Brief: All pictures are to be dropped, and the remaining data set down exactly.

Raw data:
◇ ◇ ◇ ◇
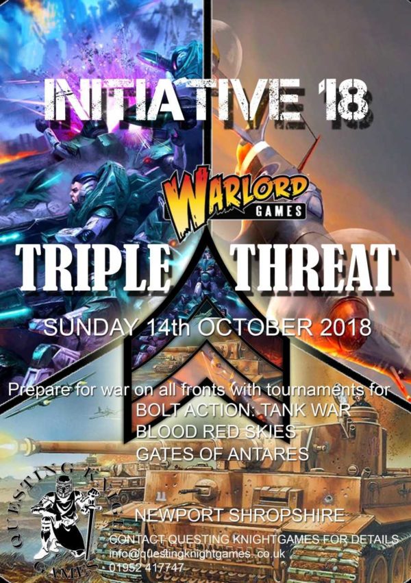 This year’s theme is set to showcase and support WARLORD GAMES with a specific focus on TANK WAR, BEYOND THE GATES OF ANTARES & BLOOD RED SKIES making INITIATIVE 18 a Triple Warlord Event which gives rise to this years event name of ‘Warlord Triple Threat’
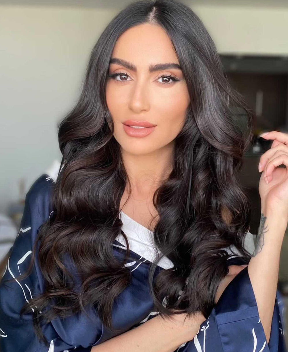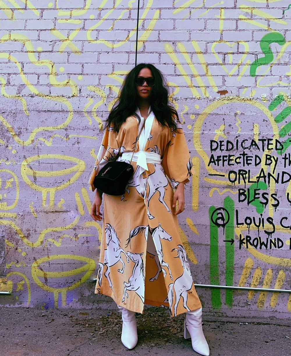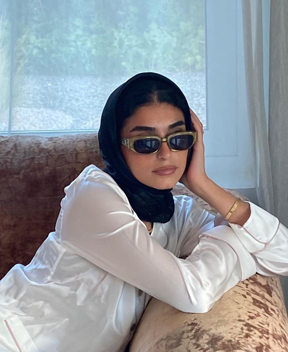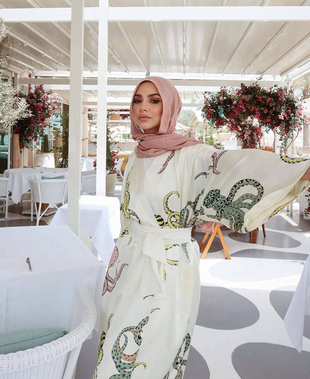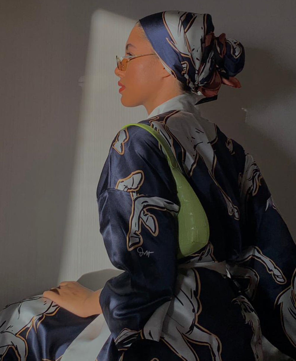 Fashion influencer and entrepreneur Soha Mohamed Taha looks effortlessly elevated in our Queenie Marina silk robe and its pastel palette. Ever graceful and on-point, the influencer showcases the robe's endless versatility, perfect for daywear as well as nightwear.
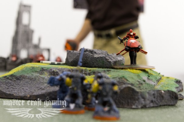 Once in the last round of a tournament, I was facing a horde ork army with a full sized nob biker unit. There was nothing in my army that could have faced that unit head on and my opponent knew it. He stretched the squad out across the board so that no matter where I went in my turn he would be close enough to engage me. I was stuck in a hard place and had to employ the tag-team.
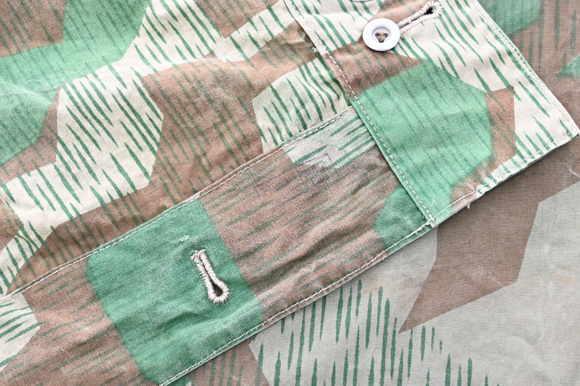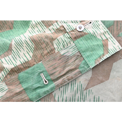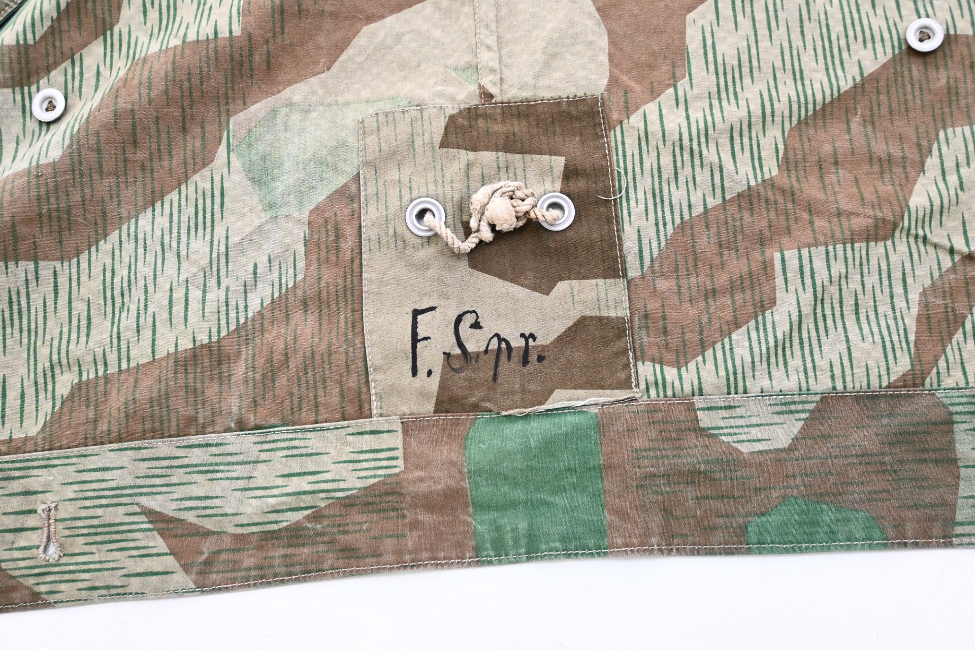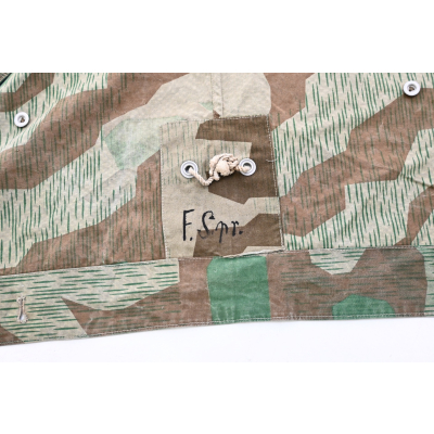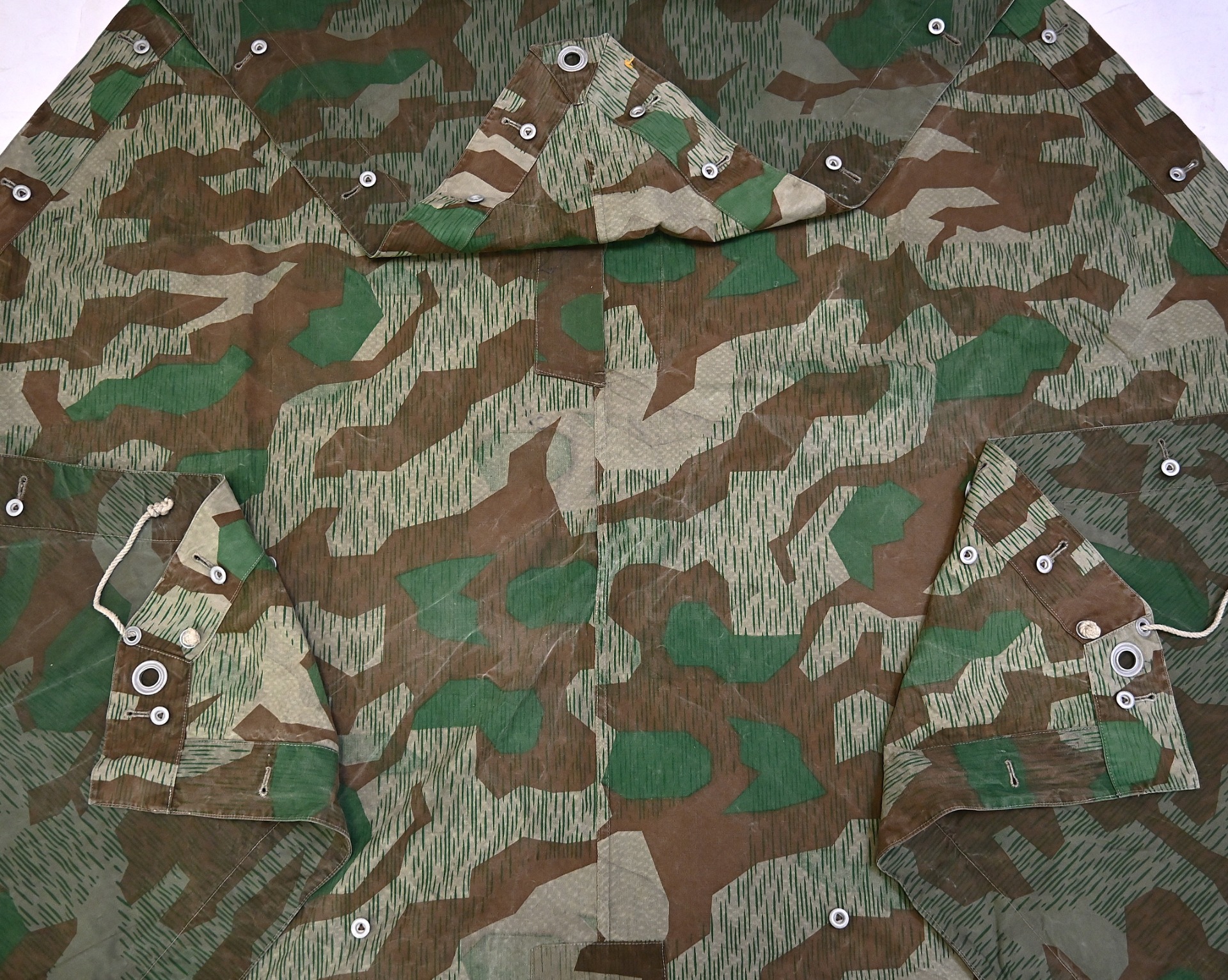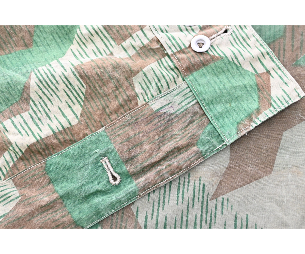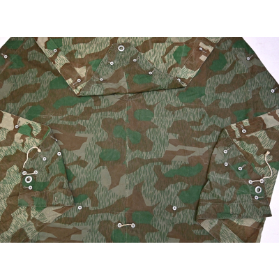 The zeltbahn shows overall normal signs of wear. It's complete with all buttons and all 3 ropes. It's is maker marked, but to hard to read.
◇ ◇ ◇ ◇
Result for this exercise:
 This year’s theme is set to showcase and support WARLORD GAMES with a specific focus on TANK WAR, BEYOND THE GATES OF ANTARES & BLOOD RED SKIES making INITIATIVE 18 a Triple Warlord Event which gives rise to this years event name of ‘Warlord Triple Threat’
 Fashion influencer and entrepreneur Soha Mohamed Taha looks effortlessly elevated in our Queenie Marina silk robe and its pastel palette. Ever graceful and on-point, the influencer showcases the robe's endless versatility, perfect for daywear as well as nightwear.
 Once in the last round of a tournament, I was facing a horde ork army with a full sized nob biker unit. There was nothing in my army that could have faced that unit head on and my opponent knew it. He stretched the squad out across the board so that no matter where I went in my turn he would be close enough to engage me. I was stuck in a hard place and had to employ the tag-team.
 The zeltbahn shows overall normal signs of wear. It's complete with all buttons and all 3 ropes. It's is maker marked, but to hard to read.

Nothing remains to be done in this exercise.